Thursday, May 31, 2012

5-31-2012 Why raised beds?

Raised Bed Gardening in Arkansas

Subject:  Why raised beds?  5-31-2012
 

     I’ve been gardening just about my whole life.  When I was growing up, we always had a garden because this was the only way my parents could afford to feed a family the size of ours.  We moved to Arkansas in 69 and with the price of the farm came a mule (named Beck) with all the gee-whiz attachments that were created for the technological ease and care of a farm.  We had a sod-buster, a turning plow, a cultivator, a six-bladed disk, a skid leveler … just about anything you could hook up to the back of a mule, we had it.

     It was several years before my dad could afford a tractor, and my older brothers took turns guiding the mule while us younger kids sat or stood on top of the equip to weight it down enough to allow for a little subterranean penetration.  We chunked rocks, pulled weeds, planted by hand, watered by hand (from a bucket carried up-hill from the creek) and pushed a hand plow that had a metal wheel (until one of my older brothers got the bright idea to take a wheel off a three-speed bike to use in place of the metal one).

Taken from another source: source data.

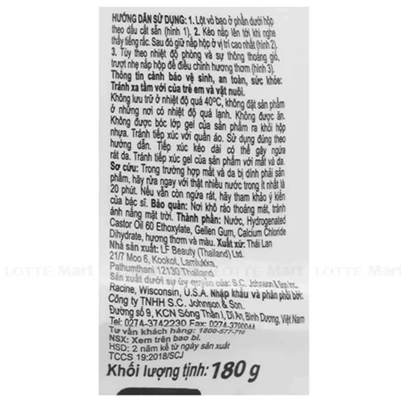 Thành phần: Nước, Hydrogenated Castor Oil 60 Ethoxylate, Gellan Gum, Calcium Chloride Dihydrate, hương thơm và màu.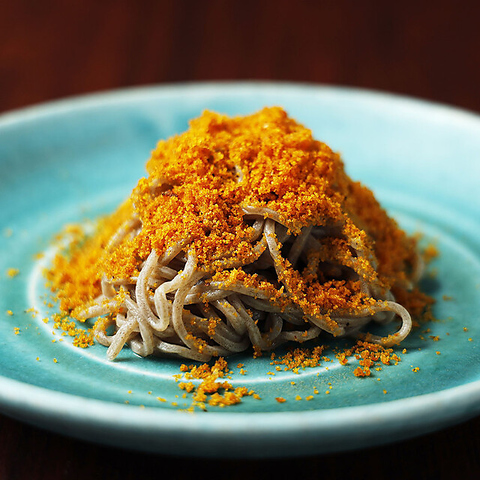惜しみなくふんだんに振りかけられたからすみ♪人気のナンバーワンメニュー!からすみそばといえば、元祖「俺の割烹」。蕎麦の太さや硬さも良くカラスミが絡むようにとっても計算してお作りしています。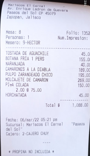 El día domingo tuvimos el gusto de visitar la marisquería "mariscos el carnal" sucursal paseos del sol dónde tuvimos una excelente atención, desde la llegada nos recibieron muy amablemente, nos asignaron mesa, nos dieron dos cortesía de tequila y la atención fue rápida. El lugar está bien ambientado dado que tienen música en vivo, bonita decoración, el lugar es amplio y ventilado, la limpieza también se destaca. El mesero que nos atendió fue de lo más amable y atento a nuestras necesidades, le pedimos cuatro platillos y cuatro bebidas. Las bebidas llegaron rápido fueron dos piñas coladas, una horchatada y una naranjada, todas tenían una excelente presentación pero su sabor era muy malo. La naranjada no era de naranja natural, sabía a jugo sabor naranja pero esa bebida fue lo de menos pues se entiende que es una bebida sencilla, lo que si prendió una alerta en mi fue cuando probé la piña colada totalmente insípida no había un sabor de coco o piña en esa bebida además que era más un frapeado con un sabor como a leche de coco pero mezclado con agua, definitivamente la piña colada más mala que me han servido en la vida. Llegaron los platillos los cuales tenían una excelente presentación, se veían apetitosos pero se quedó en "se veían" nada más. Se pidió un ceviche de camarón por lo cual nos sirvieron una botana fría con la sorpresa que nuestro ceviche venía con los camarones cocidos y no curtidos, esto es algo importante que no venía especificado en la carta y tampoco se nos aclaro al pedir el platillo, el sabor es totalmente diferente de camarón CURTIDO a cocido. Siguiente platillo un molcajete de camarón, debo decir que llegó hirviendo lo cual es un detallazo en la presentación, se entiende que por lo caliente el platillo es incomible al momento pero este platillo lo era incluso después, se pasaron de picante a tal grado que el mesero muy amable nos ofreció salsa de tomates cocidos para mezclarlo pero aún así seguía siendo incomible ( somos mexicanos y comemos chile todos los días y este platillo superaba cualquier salsa) importante comentar que este molcajete estaba indicado con tres ingredientes (camarón, queso philadelphia y nopales) pero una vez servido el mesero se acerco para indicar que el cocinero no tenía este último ingrediente para el molcajete (nopales). Se pidió un pulpo zarandeado, lo mejor de este platillo era el acompañamiento, el arroz y las verduras cocidas estaban en su punto pero el pulpo era FIBROSO y CHICLOSO, no sé si el pulpo estaba viejo o no se había sabido preparar, pero nunca me habían servido un pulpo tan malo y sin sazón,según la carta el pulpo venia sazonado con mantequilla y ajo, esos dos sabores nunca se detectaron, alguien que probará por primera ver ese pulpo no le dan ganas de volverlo a probar en su vida, una decepción. De igual manera se pidieron unos cámarones a la diabla, antes de ordenarlos se le solicito al mesero que fuera 1/4 de diabla (según indico era lo menos picoso) pero aún así estaban demasiado picosos (aunque mucho menos al molcajete). Terminados con nuestra visita al precioso restaurant, no tenemos quejas con la atención brindada de todos los trabajadores pero los alimentos a pesar de tener una bonita presentación todos ellos, su sabor era malo y nada equilibrado con los precios. Cabe resaltar que no es un lugar caro ni barato pero los platillos en relación calidad y precio si son caros, prácticamente pagamos por el excelente servicio y nada más. Este es el ejemplo perfecto de un restaurant que se quiere ahorrar en sueldo de cocineros, no es que su encargado de cocina cociné mal pero le falta experiencia en cocina de mariscos y quién sabe que pasó con esas bebidas. Espero volver a visitarlos y que hayan invertido mejor en los alimentos que dan a sus clientes y en quien los prepara porque está vez fue de las peores experiencias que he tenido. Terminamos este comentario con el precio de la cuenta para que se den una idea del consumo que hicimos $1088.00...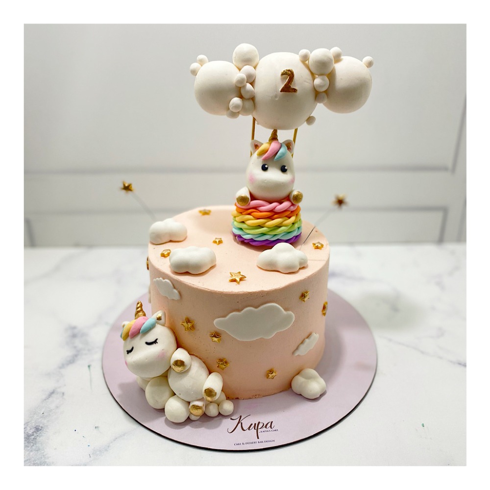 Pastel de betún con 2 unicornios y decoraciones y figuras 3D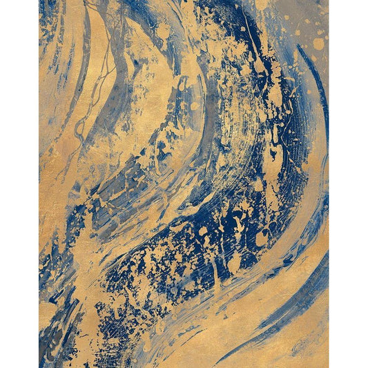 Blue And Gold Wave Gold Ornate Wood Framed Art Print with Double Matting by Pinto, Patricia

     After I was grown and got a place of my own, I thought it was only natural to raise a garden.  I proceeded to clear out a spot at the base of the yard and got an old second hand front tine tiller to do the dirty work.  After that first season of being dragged around behind that old tiller and having my arms jerked half out of the sockets every time it hit a root, or a rock, or just a hard spot in the ground I had to find another way.  By the start of the second season, I bought me a brand-new rear-tine tiller that was self-propelled and had a depth adjustment gauge for the tines … it still dragged me all over the garden.

     I brought in truck-load after truck-load of leaves that I raked up in the woods, old rottin’ hay that the cattle farmers would let me haul off just so they wouldn’t have to burn it, load after load of manure that I forked into the truck out of cattle fields where the farmers would feed their cattle … and the top of the soil would still turn into concrete after every rain.  The rain would wash through the garden and leave big ruts in the middle of the rows as my plants, topsoil, and future harvest headed downstream to assist in the buildup of soil in the delta region somewhere in Louisiana.  I still had to find another way.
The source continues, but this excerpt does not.